4.1. Aus dem Umstand, dass die Baubehörde in ihrem Bescheid vom 7. August 2013 auf der Grundlage von § 40 Abs 3 und 4 TBO 2011 nur die Benützung der Flächen zwischen der nordwestlichen Stützmauer und der Hausfassade untersagt hat, nicht jedoch auch die Benützung des Hauses selbst, kann nicht der Umkehrschluss gezogen werden, dass bei Benützung des Hauses keine Gefährdung iSd § 381 Z 2 EO vorliegt. Dem bescheinigten Sachverhalt ist auch nicht zu entnehmen, dass die Gefährdung weggefallen wäre, weil dem Auftrag der Baubehörde vom 26. August 2013, die Stützmauer durch ein neues Tragwerk zu ersetzen oder entsprechende Alternativmaßnahmen auszuführen, entsprochen worden wäre.

4.2. Nach dem bescheinigten Sachverhalt ist insbesondere bei starkem Niederschlag das jederzeitige Wegbrechen der Stützmauer nicht auszuschließen. Die Intervalle, in welchen Mauer-/Betonteile der Stützmauer herausbrechen, weisen immer kürzere Abstände auf.
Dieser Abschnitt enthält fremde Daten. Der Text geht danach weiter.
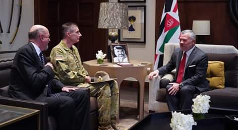نيروز الإخبارية : نيروز الاخبارية : التقى جلالة الملك عبدالله الثاني ، بحضور سمو الأمير الحسين بن عبدالله الثاني، ولي العهد، مع رئيس جمهورية أديغيا – روسيا الاتحادية مراد كومبيلوف ووزير الدفاع الياباني كونو تارو ورئيس قوات الدفاع الأسترالية الفريق أول أنغوس كامبل في قصر الحسينية
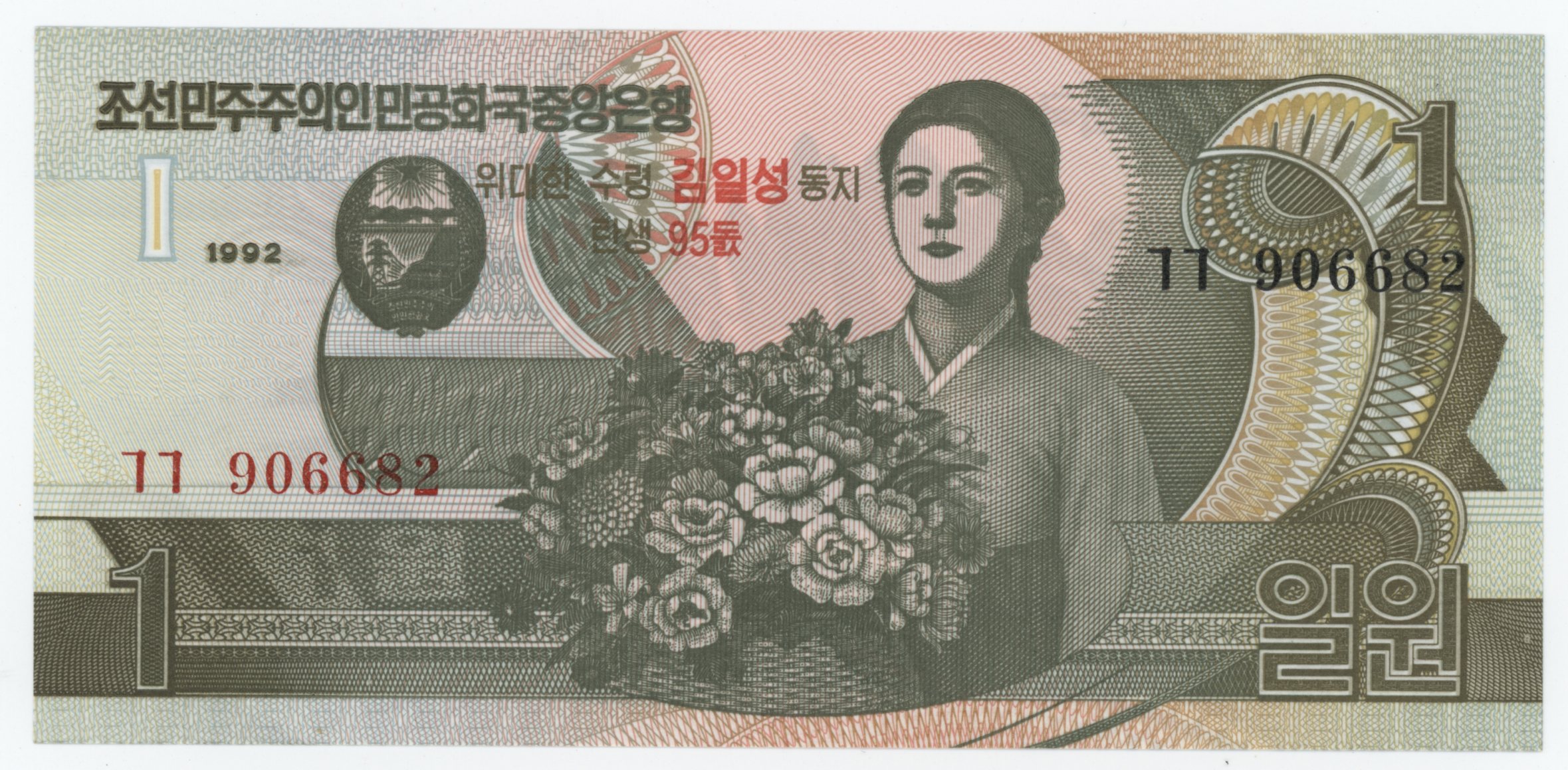 Korea, North 1 Won 1992 Pick 49 UNC Uncirculated Banknote 95th Birthday quantity
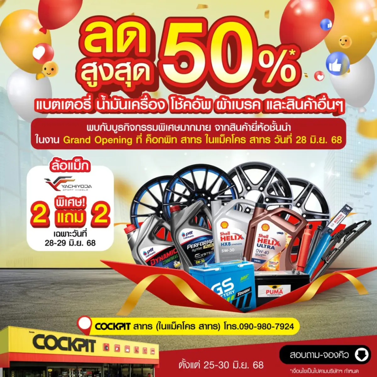 COCKPIT, a Fast Fist One-Stop Auto Care Center under theoperation of Bridgestone A.C.T (Thailand) Co., Ltd., continues to expand its branches nationwide to serve customers across the country with a commitment to becoming a trusted companion that ensures customers’ safe journeys and peace of mind to mobility life. COCKPIT is celebrating the grand opening of its new branch, “COCKPIT Sathorn”, located at Makro Sathorn, Bangkok. The celebration includes great promotional offers from 25 to 30 June 2025.
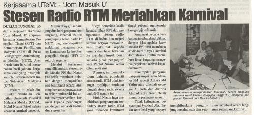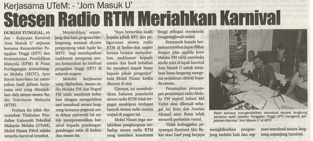 Kerjasama UTeM:-'Jom Masuk U' Stesen Radio RTM Meriahkan Karnival (Komuniti)
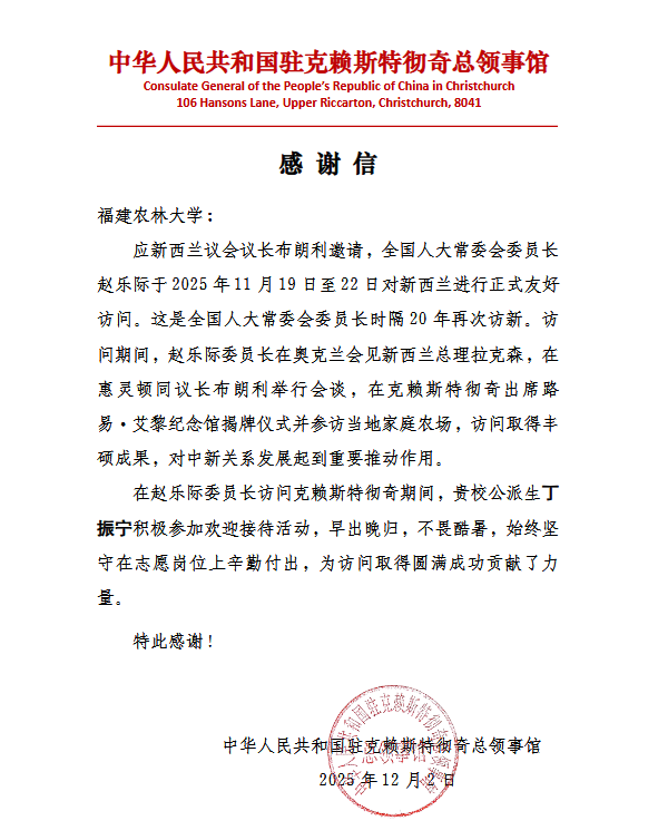近日,中华人民共和国驻克赖斯特彻奇总领事馆致信BEAT365英国官网,对林学院24级林业硕士丁振宁在全国人大常委会委员长赵乐际访问新西兰期间的志愿服务工作给予高度赞誉。信中赞扬丁振宁同学在赵乐际委员长访问克赖斯特彻奇期间,恪守志愿岗位,早出晚归、不辞辛劳,以饱满的热情和认真的态度圆满完成任务,展现了新时代中国青年学子的良好风貌与责任担当,也彰显了BEAT365英国官网学子的责任担当。
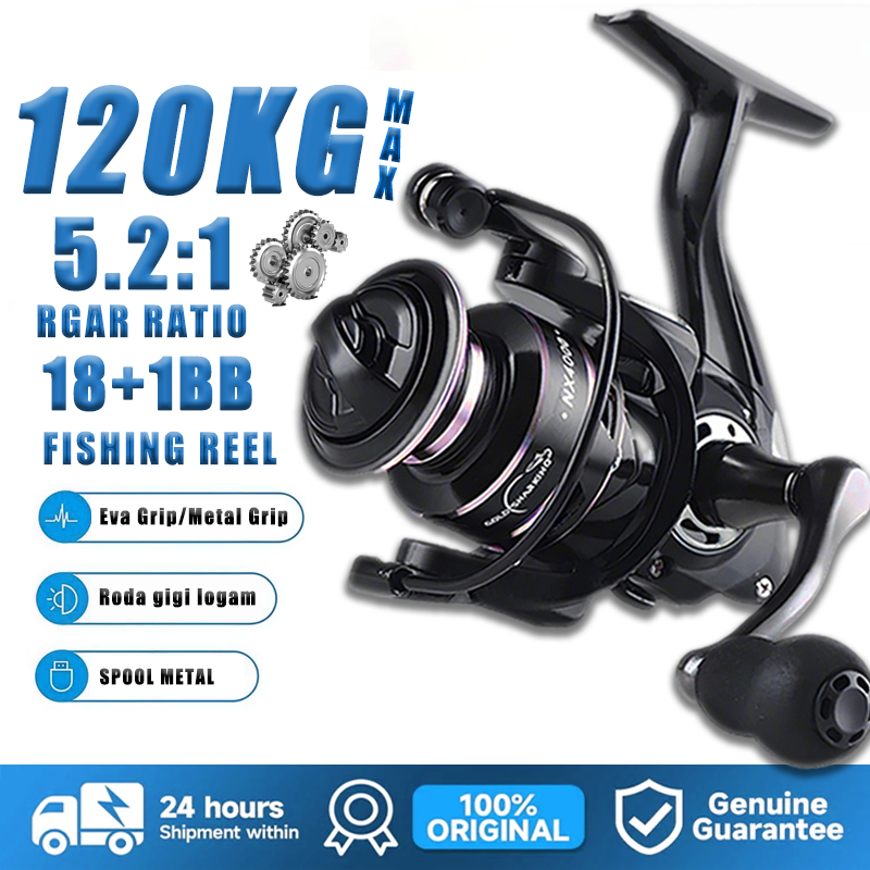 Reel Pancing NX1000-7000 Spinning Max Drag120KG 5.2:1 Asli Besi Fishing Reel Murah Kuat Power Handle

Durch dieses stetige Herausbrechen von Mauer-/Betonteilen aus der Stützmauer nimmt die Gefahr für das Leben und die Gesundheit der Hausbewohner ‑ darunter auch der Klägerin und ihrer Familie ‑ kontinuierlich zu. Diesen bescheinigten Sachverhalt hat das Erstgericht in der rechtlichen Beurteilung (disloziiert) dadurch ergänzt, dass die konkrete Gefährdung des Lebens und der Gesundheit der Klägerin und ihrer Familie im „Abrutschen von Erdreich und Mauerteilen auf das dahinter befindliche Wohnhaus“ liegt. Mit anderen Worten ist durch drohende Abrutschvorgänge die Substanz des Wohnhauses und damit die Sicherheit der Bewohner gefährdet.

4.3. Somit hat die gefährdete Partei bescheinigt, dass durch das jederzeit mögliche Wegbrechen der Stützmauer eine Gesundheitsgefährdung der Hausbewohner besteht. Diese Gefahr ist ‑ wie oben dargelegt ‑ als drohender unwiederbringlicher Schaden iSd § 381 Z 2 EO zu qualifizieren und rechtfertigt die Erlassung der begehrten einstweiligen Verfügung.

5. Die Kostenentscheidung beruht hinsichtlich der gefährdeten Partei auf § 393 Abs 1 Satz 1 EO. Der Gegner der gefährdeten Partei hat als im Rechtsmittelverfahren vollständig Unterlegener keinen Kostenersatzanspruch (RIS‑Justiz RS0005667 [T5]).